Araneta Properties Inc.
- Company type: Public
- Traded as: PSE: ARA
- Founders: Gregorio Maria Araneta III
- Headquarters: 21/F Citibank Tower, Paseo de Roxas cor. Valero St., Salcedo Village, Makati, Philippines
- Area served: Philippines
- Website: www.aranetaproperties.com

= Araneta Properties =

Philippine real estate company

Araneta Properties Inc. is a publicly listed real estate company involved in real estate development headed by Gregorio Maria Araneta III, a member of the Araneta family.

==History==
The Araneta Properties Inc. was originally incorporated as Integrated Chrome Corporation (INCHROME) on June 15, 1988, with operations involving in Ferrochrome and Chromite smelting. The company stopped its operations in January 1966, and changed its name to Araneta Properties Inc., with the business focusing more on real estate while maintaining its smelting operations.

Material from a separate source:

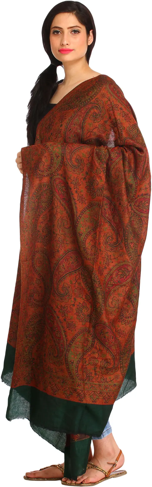 Adding to its exceptional value, this shawl features a reversible design. One side showcases the full glory of the intricately woven paisleys, while the reverse offers a striking contrast with a solid, deep border. This duality in design means you can effortlessly switch up your look, tailoring the shawl to complement different outfits and moods. The rich, solid border provides a clean, grounding element that enhances the vibrancy of the paisley pattern, offering two distinct yet equally stunning ways to wear this beautiful piece.

The Araneta Properties Inc., along with Sta. Lucia Land Inc. signed a joint venture project in developing the Colinas Verdes Estates, a 230 ha estates in 2003, involving housing developments and a golf course. In November 2019, Araneta and Sta. Lucia announced an additional 58 ha expansion project. The company is also involved in the development of Altaraza, a 120 ha residential and commercial venture with Ayala Land, both located at San Jose del Monte, Bulacan. The company now aims to develop a 140 ha new financial district in Caloocan, near the MRT 7 project.

On February 21, 2024, Luis Marcos Araneta, husband of Alexandra Rocha is the new president of Araneta Properties Incorporated and Gregorio Araneta III group of companies after resignation of Crisanto Roy Alcid.